Work order: Each line from the top of the listing down to and including the line with "Squawtin' real low, got" must be duplicated exactly; pictures are to be skipped.

Source data:

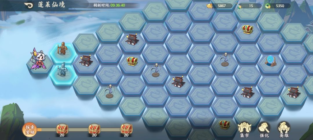 蓬莱优先通关,最多步数三十,前16步不要元宝,里面商店升阶丹要买,灵气可买。
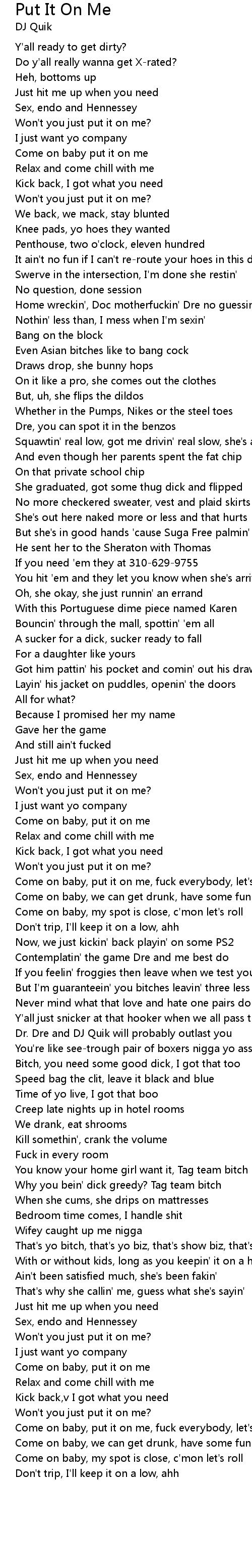 Squawtin' real low, got me drivin' real slow, she's a real ho |
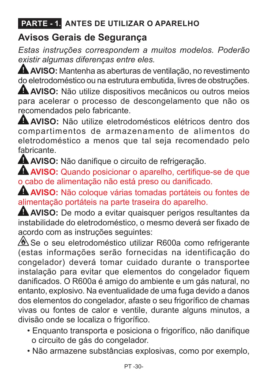 PT -29- PARTE - 1. ANTES DE UTILIZAR O APARELHO Avisos Gerais de Segurança Estas instruções correspondem a muitos modelos. Poderão existir algumas diferenças entre eles. AVISO: Mantenha as aberturas de ventilação, no revestimento do eletrodoméstico ou na estrutura embutida, livres de obstruções. AVISO: Não utilize dispositivos mecânicos ou outros meios para acelerar o processo de descongelamento que não os recomendados pelo fabricante. AVISO: Não utilize eletrodomésticos elétricos dentro dos compartimentos de armazenamento de alimentos do eletrodoméstico a menos que tal seja recomendado pelo fabricante. AVISO: Não danifique o circuito de refrigeração. AVISO: Quando posicionar o aparelho, certifique-se de que o cabo de alimentação não está preso ou danificado. AVISO: Não coloque várias tomadas portáteis ou fontes de alimentação portáteis na parte traseira do aparelho. AVISO: De modo a evitar quaisquer perigos resultantes da instabilidade do eletrodoméstico, o mesmo deverá ser fixado de acordo com as instruções seguintes: Se o seu eletrodoméstico utilizar R600a como refrigerante (estas informações serão fornecidas na identificação do congelador) deverá tomar cuidado durante o transportee instalação para evitar que elementos do congelador fiquem danificados. O R600a é amigo do ambiente e um gás natural, no entanto, explosivo. Na eventualidade de uma fuga devido a danos dos elementos do congelador, afaste o seu frigorífico de chamas vivas ou fontes de calor e ventile, durante alguns minutos, a divisão onde se localiza o frigorífico.
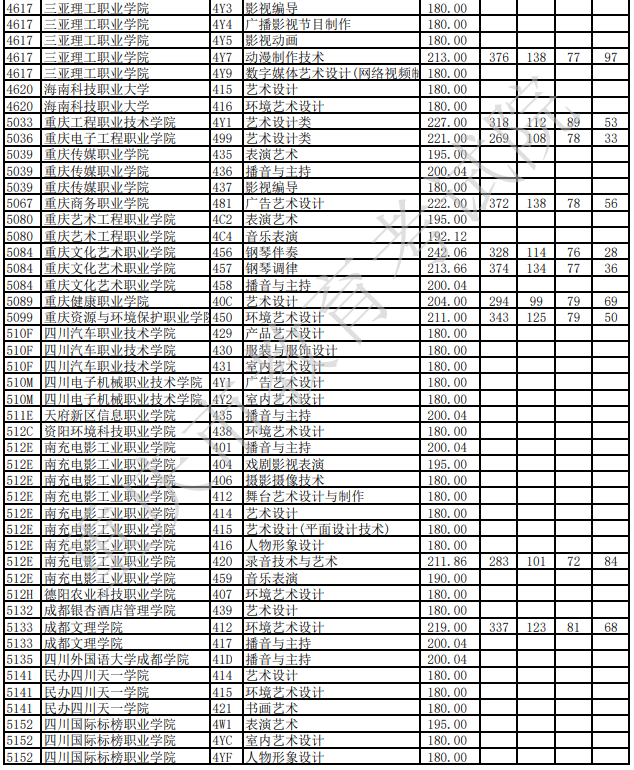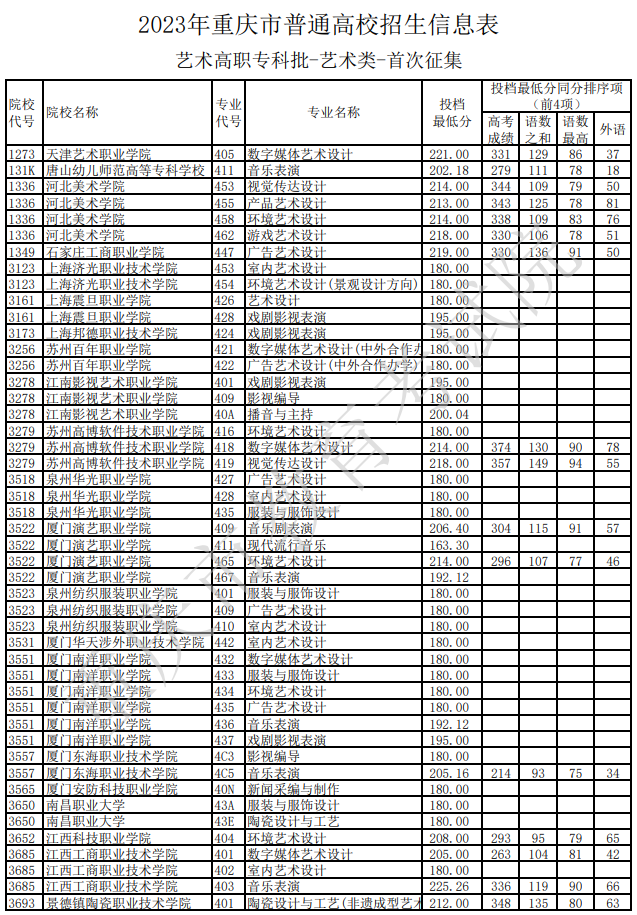 2023年重庆市普通高校招生信息表-艺术高职专科批-艺术类-首次征集 点击查看

Response for this exercise:
 蓬莱优先通关,最多步数三十,前16步不要元宝,里面商店升阶丹要买,灵气可买。
 Squawtin' real low, got me drivin' real slow, she's a real ho |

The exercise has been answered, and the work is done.